13 Oktober 2010

Indonesian Government Stripped of Power to Ban Books

Camelia Pasandaran | October 13, 2010


In a landmark verdict, the Constitutional Court struck out a controversial law that gave the Indonesian Attorney General’s Office the absolute power to ban books it deemed offensive.

“The 1963 Law on Securing Printed Materials whose content could disrupt public order is against the Constitution,” said Mahfud MD, the head of the court. “The law is no longer legally binding.”

Maria Farida Indrati, another justice, said the AGO did not have the right to ban books, suggesting that any decision to halt the publication and distribution of printed material rest with the courts, including providing avenues of appeal.
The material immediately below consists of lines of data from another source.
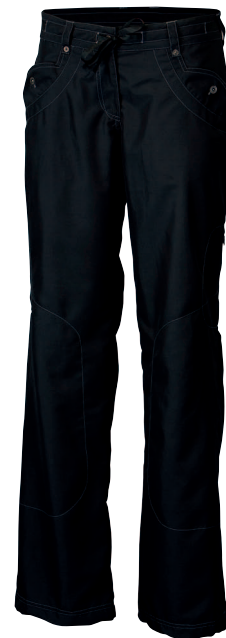
..... OS GARDA ..... DÁMSKÉ RIPSTOPOVÉ KALHOTY • LADIES TROUSERS • DAMENHOSEN ✚ RIPSTOP 100% PES (S-XL)
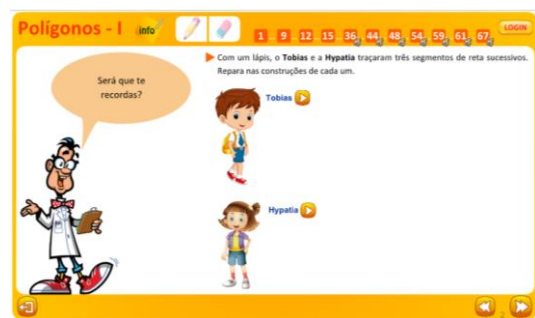
Figura 2 – O Tobias e a Hypatia
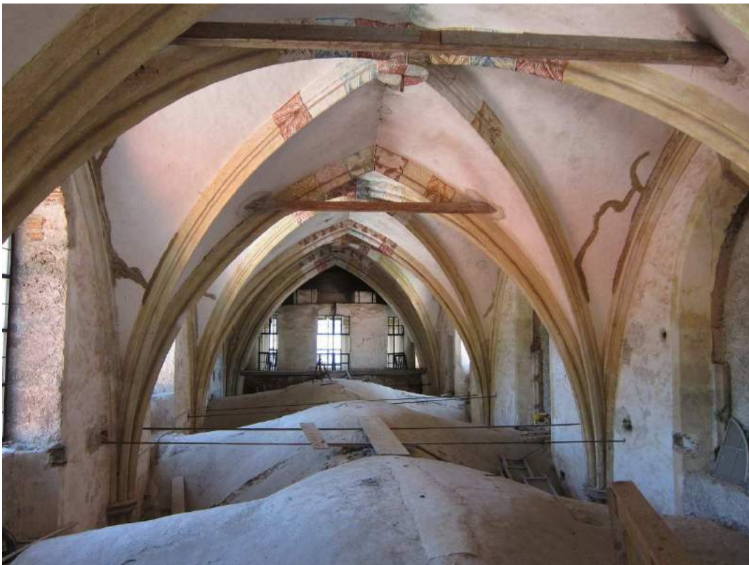
Abbildung 75: Gaming, ehemalige Kartause, Kirche, Zwischengewölbe, Blick Westen.
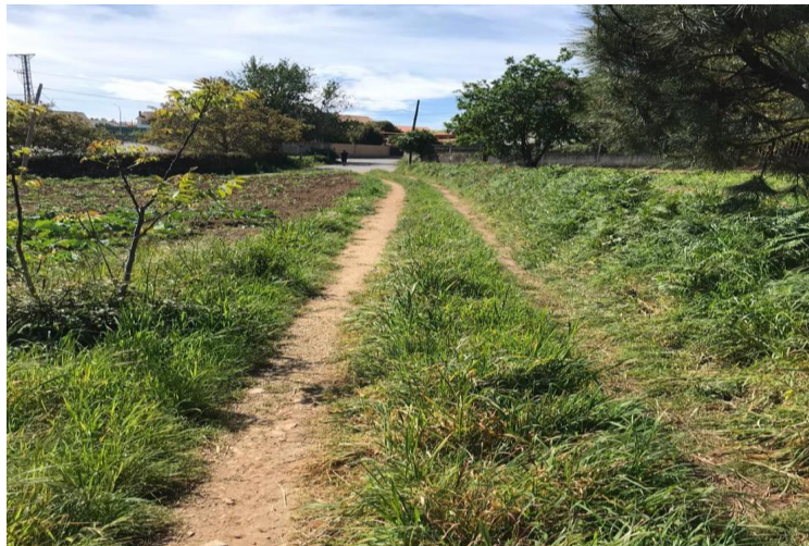
Foto da zona da Lomba, rúa Pedriñas, donde entronca o camiño 9011.

3.- O camiño facilitaría a comunicación entre a zona norte de Palmeira ea zona oeste, Grupo escolar.
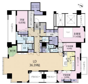
[間取り図・図面][間取り図]
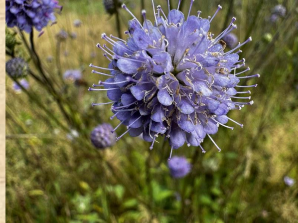
Blauwe knoop Bosmans Brook – Marienvelde
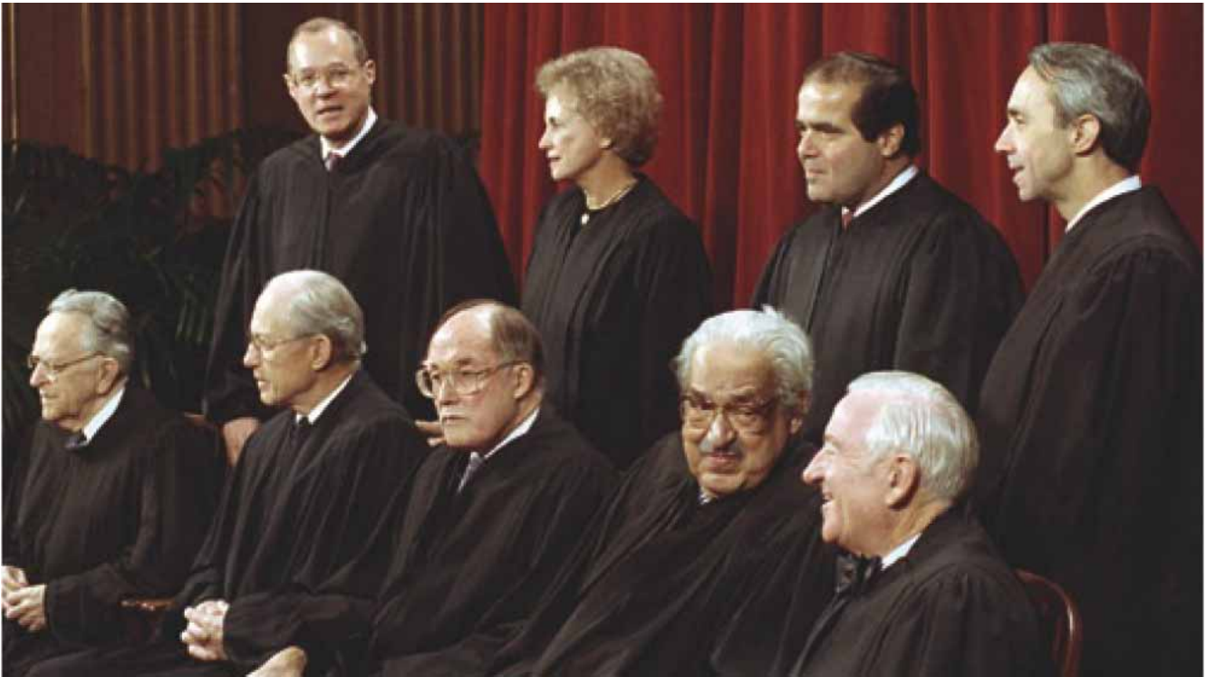
Os juizes da Suprema Corte em 1990: de pé, a partir da esquerda, Anthony M. Kennedy, Sandra Day O'Connor, Antonin Scalia e David Souter. Sentados, a partir da esquerda: Harry A. Blackmun, Byron R. White, o presidente William H. Rehnquist, Thurgood Marshall e John Paul Stevens

Em 13 de junho de 1967, o presidente Johnson nomeou Marshall para juiz da Suprema Corte dos Estados Unidos, o primeiro afro-americano a atingir esse posto. “Acredito que ele já conquistou seu lugar na história”, disse o presidente. “Mas acho que a história será muito melhorada com seus préstimos na Corte”.
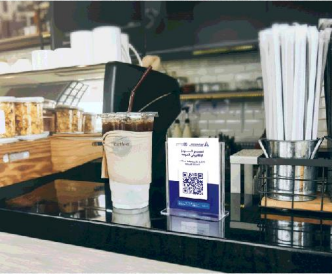
■ طاولة الاستقبال
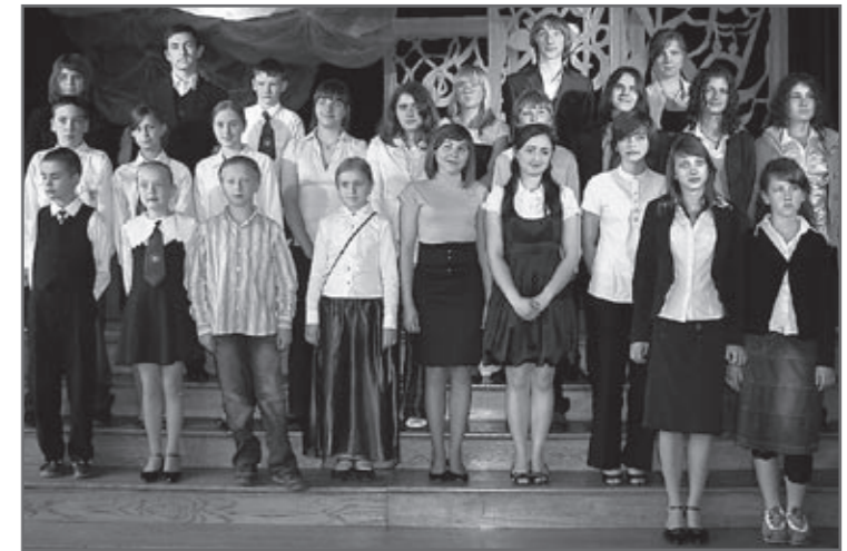
Absolwenci obornickich szkół, którzy w w swoich szkołach osiągnęli najlepszy wynik:

Już po raz czternasty Kolegium Dyrektorów Szkół Gminy Oborniki Śląskie przygotowało spotkanie absolwentów, którzy osiągnęli najlepsze wyniki w roku szkolnym 2008/2009, z Burmistrzem Obornik Śląskich. Gminne podsumowanie odbyło się 16 czerwca 2009 w sali widowiskowej OOK.
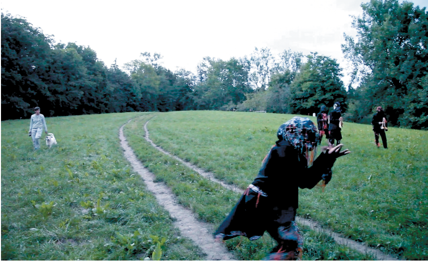
Figure 3: Iyagbon's Mirror – first ritual scene in Rosengarten Graz, 2021. Video still from a film by Khadija von Zinnenburg Carroll.

Europe, the African diaspora lives their culture in relative separateness to the mainstream.
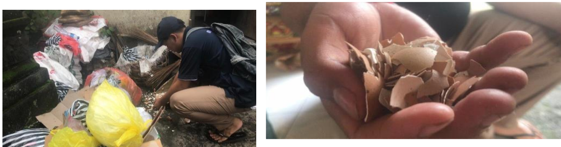
Gambar 3. Pencarian Limbah Pangan Cangkang Telur

Kegiatan Praktik pengerjaan diawali dengan mengumpulkan limbah pangan yaitu cangkang telur di sekitaran Banjar Karanganyar Sanding. Cangkang telur yang baik untuk digunakan adalah cangkang telur ayam kampung (Melsa et al., 2016).

Justice Muhammad Alim said that solely empowering the AGO to ban books was as “authoritarian approach” that had no place in a nation based on laws.

The law was used under the regime of former dictator Suharto to clamp down on dissent.
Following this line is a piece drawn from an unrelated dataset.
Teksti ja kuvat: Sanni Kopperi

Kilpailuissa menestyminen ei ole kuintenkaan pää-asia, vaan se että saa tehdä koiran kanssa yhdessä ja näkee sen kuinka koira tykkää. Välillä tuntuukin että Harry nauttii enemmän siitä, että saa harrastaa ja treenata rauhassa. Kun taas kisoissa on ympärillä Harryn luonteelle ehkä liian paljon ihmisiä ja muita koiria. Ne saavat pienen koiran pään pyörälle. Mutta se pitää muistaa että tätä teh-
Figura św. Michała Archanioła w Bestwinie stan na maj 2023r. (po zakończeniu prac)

In the past six years, however, it has been used by the AGO to ban 22 books, most of them dealing with the murky coup attempt in 1965. The AGO’s latest blacklist included a book on the mass murder of suspected communists in 1965/66, the insurgency in Papua and two books on religion.

The legal challenge to the law was mounted by media watchdog PR2Media, which argued the AGO’s powers curtailed freedom of expression.